§ **Material to process**:

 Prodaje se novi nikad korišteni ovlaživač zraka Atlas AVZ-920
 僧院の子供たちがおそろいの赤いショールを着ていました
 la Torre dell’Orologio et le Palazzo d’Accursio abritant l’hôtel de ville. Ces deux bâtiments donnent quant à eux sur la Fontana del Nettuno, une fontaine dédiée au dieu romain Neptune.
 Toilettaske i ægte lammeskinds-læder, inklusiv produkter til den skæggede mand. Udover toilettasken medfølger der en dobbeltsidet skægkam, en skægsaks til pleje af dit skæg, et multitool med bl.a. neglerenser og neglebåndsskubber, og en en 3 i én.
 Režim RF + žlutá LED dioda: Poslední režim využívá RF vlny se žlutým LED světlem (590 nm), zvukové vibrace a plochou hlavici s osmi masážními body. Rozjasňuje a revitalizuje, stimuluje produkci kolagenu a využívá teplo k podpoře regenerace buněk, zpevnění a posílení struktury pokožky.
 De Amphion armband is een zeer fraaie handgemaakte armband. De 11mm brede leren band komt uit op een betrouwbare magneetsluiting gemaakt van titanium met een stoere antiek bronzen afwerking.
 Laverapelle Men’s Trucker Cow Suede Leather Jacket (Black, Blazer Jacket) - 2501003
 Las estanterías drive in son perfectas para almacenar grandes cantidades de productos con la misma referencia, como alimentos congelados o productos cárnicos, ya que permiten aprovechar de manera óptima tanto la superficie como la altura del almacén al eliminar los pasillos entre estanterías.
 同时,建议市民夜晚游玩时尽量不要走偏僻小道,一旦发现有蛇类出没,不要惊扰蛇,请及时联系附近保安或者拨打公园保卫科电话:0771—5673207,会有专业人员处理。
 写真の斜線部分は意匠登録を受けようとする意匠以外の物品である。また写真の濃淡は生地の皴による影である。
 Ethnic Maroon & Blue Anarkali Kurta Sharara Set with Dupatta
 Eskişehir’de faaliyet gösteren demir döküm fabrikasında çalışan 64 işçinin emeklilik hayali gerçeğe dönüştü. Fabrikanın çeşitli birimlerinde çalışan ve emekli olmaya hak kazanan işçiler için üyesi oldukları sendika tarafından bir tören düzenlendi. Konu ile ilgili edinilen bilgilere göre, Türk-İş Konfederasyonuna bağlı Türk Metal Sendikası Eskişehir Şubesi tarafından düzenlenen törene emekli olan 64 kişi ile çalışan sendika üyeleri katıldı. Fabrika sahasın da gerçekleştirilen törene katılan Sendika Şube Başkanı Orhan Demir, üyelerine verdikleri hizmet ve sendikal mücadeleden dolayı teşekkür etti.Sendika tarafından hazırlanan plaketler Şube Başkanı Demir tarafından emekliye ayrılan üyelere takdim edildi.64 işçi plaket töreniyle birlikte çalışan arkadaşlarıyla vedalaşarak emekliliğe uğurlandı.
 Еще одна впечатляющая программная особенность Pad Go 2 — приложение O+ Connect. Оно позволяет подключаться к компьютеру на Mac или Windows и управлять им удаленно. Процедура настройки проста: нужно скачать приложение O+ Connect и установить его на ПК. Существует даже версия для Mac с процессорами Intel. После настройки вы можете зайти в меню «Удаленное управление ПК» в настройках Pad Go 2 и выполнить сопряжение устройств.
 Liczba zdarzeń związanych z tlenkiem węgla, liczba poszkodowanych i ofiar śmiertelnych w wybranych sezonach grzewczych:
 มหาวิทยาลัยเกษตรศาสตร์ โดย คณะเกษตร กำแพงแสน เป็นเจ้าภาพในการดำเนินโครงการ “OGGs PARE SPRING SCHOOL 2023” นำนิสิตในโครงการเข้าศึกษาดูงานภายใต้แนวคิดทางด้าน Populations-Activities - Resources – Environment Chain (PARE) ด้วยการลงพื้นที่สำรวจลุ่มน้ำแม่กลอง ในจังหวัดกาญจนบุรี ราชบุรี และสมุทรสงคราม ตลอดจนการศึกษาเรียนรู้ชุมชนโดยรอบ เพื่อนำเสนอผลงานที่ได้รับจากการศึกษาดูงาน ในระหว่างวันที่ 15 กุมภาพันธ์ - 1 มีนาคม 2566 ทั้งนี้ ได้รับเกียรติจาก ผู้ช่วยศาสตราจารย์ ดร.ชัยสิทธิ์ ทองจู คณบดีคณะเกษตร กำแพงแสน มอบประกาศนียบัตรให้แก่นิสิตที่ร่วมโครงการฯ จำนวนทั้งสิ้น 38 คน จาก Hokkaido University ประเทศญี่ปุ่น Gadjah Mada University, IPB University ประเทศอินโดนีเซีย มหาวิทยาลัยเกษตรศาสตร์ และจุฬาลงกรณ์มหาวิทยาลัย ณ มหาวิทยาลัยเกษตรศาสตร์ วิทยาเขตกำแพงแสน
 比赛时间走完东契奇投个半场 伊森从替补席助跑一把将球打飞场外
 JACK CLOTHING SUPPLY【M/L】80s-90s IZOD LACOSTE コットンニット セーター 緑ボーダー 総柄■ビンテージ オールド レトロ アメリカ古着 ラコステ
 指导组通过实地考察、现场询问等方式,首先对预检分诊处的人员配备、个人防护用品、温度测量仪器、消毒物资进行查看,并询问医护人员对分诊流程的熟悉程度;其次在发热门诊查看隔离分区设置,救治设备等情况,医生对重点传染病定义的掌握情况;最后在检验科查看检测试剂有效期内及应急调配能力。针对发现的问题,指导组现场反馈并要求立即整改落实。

§ **Task details**:
Every entry must be output again exactly as it was given.

§ **Result of this task**:
 Prodaje se novi nikad korišteni ovlaživač zraka Atlas AVZ-920
 僧院の子供たちがおそろいの赤いショールを着ていました
 la Torre dell’Orologio et le Palazzo d’Accursio abritant l’hôtel de ville. Ces deux bâtiments donnent quant à eux sur la Fontana del Nettuno, une fontaine dédiée au dieu romain Neptune.
 Toilettaske i ægte lammeskinds-læder, inklusiv produkter til den skæggede mand. Udover toilettasken medfølger der en dobbeltsidet skægkam, en skægsaks til pleje af dit skæg, et multitool med bl.a. neglerenser og neglebåndsskubber, og en en 3 i én.
 Režim RF + žlutá LED dioda: Poslední režim využívá RF vlny se žlutým LED světlem (590 nm), zvukové vibrace a plochou hlavici s osmi masážními body. Rozjasňuje a revitalizuje, stimuluje produkci kolagenu a využívá teplo k podpoře regenerace buněk, zpevnění a posílení struktury pokožky.
 De Amphion armband is een zeer fraaie handgemaakte armband. De 11mm brede leren band komt uit op een betrouwbare magneetsluiting gemaakt van titanium met een stoere antiek bronzen afwerking.
 Laverapelle Men’s Trucker Cow Suede Leather Jacket (Black, Blazer Jacket) - 2501003
 Las estanterías drive in son perfectas para almacenar grandes cantidades de productos con la misma referencia, como alimentos congelados o productos cárnicos, ya que permiten aprovechar de manera óptima tanto la superficie como la altura del almacén al eliminar los pasillos entre estanterías.
 同时,建议市民夜晚游玩时尽量不要走偏僻小道,一旦发现有蛇类出没,不要惊扰蛇,请及时联系附近保安或者拨打公园保卫科电话:0771—5673207,会有专业人员处理。
 写真の斜線部分は意匠登録を受けようとする意匠以外の物品である。また写真の濃淡は生地の皴による影である。
 Ethnic Maroon & Blue Anarkali Kurta Sharara Set with Dupatta
 Eskişehir’de faaliyet gösteren demir döküm fabrikasında çalışan 64 işçinin emeklilik hayali gerçeğe dönüştü. Fabrikanın çeşitli birimlerinde çalışan ve emekli olmaya hak kazanan işçiler için üyesi oldukları sendika tarafından bir tören düzenlendi. Konu ile ilgili edinilen bilgilere göre, Türk-İş Konfederasyonuna bağlı Türk Metal Sendikası Eskişehir Şubesi tarafından düzenlenen törene emekli olan 64 kişi ile çalışan sendika üyeleri katıldı. Fabrika sahasın da gerçekleştirilen törene katılan Sendika Şube Başkanı Orhan Demir, üyelerine verdikleri hizmet ve sendikal mücadeleden dolayı teşekkür etti.Sendika tarafından hazırlanan plaketler Şube Başkanı Demir tarafından emekliye ayrılan üyelere takdim edildi.64 işçi plaket töreniyle birlikte çalışan arkadaşlarıyla vedalaşarak emekliliğe uğurlandı.
 Еще одна впечатляющая программная особенность Pad Go 2 — приложение O+ Connect. Оно позволяет подключаться к компьютеру на Mac или Windows и управлять им удаленно. Процедура настройки проста: нужно скачать приложение O+ Connect и установить его на ПК. Существует даже версия для Mac с процессорами Intel. После настройки вы можете зайти в меню «Удаленное управление ПК» в настройках Pad Go 2 и выполнить сопряжение устройств.
 Liczba zdarzeń związanych z tlenkiem węgla, liczba poszkodowanych i ofiar śmiertelnych w wybranych sezonach grzewczych:
 มหาวิทยาลัยเกษตรศาสตร์ โดย คณะเกษตร กำแพงแสน เป็นเจ้าภาพในการดำเนินโครงการ “OGGs PARE SPRING SCHOOL 2023” นำนิสิตในโครงการเข้าศึกษาดูงานภายใต้แนวคิดทางด้าน Populations-Activities - Resources – Environment Chain (PARE) ด้วยการลงพื้นที่สำรวจลุ่มน้ำแม่กลอง ในจังหวัดกาญจนบุรี ราชบุรี และสมุทรสงคราม ตลอดจนการศึกษาเรียนรู้ชุมชนโดยรอบ เพื่อนำเสนอผลงานที่ได้รับจากการศึกษาดูงาน ในระหว่างวันที่ 15 กุมภาพันธ์ - 1 มีนาคม 2566 ทั้งนี้ ได้รับเกียรติจาก ผู้ช่วยศาสตราจารย์ ดร.ชัยสิทธิ์ ทองจู คณบดีคณะเกษตร กำแพงแสน มอบประกาศนียบัตรให้แก่นิสิตที่ร่วมโครงการฯ จำนวนทั้งสิ้น 38 คน จาก Hokkaido University ประเทศญี่ปุ่น Gadjah Mada University, IPB University ประเทศอินโดนีเซีย มหาวิทยาลัยเกษตรศาสตร์ และจุฬาลงกรณ์มหาวิทยาลัย ณ มหาวิทยาลัยเกษตรศาสตร์ วิทยาเขตกำแพงแสน
 比赛时间走完东契奇投个半场 伊森从替补席助跑一把将球打飞场外
 JACK CLOTHING SUPPLY【M/L】80s-90s IZOD LACOSTE コットンニット セーター 緑ボーダー 総柄■ビンテージ オールド レトロ アメリカ古着 ラコステ
 指导组通过实地考察、现场询问等方式,首先对预检分诊处的人员配备、个人防护用品、温度测量仪器、消毒物资进行查看,并询问医护人员对分诊流程的熟悉程度;其次在发热门诊查看隔离分区设置,救治设备等情况,医生对重点传染病定义的掌握情况;最后在检验科查看检测试剂有效期内及应急调配能力。针对发现的问题,指导组现场反馈并要求立即整改落实。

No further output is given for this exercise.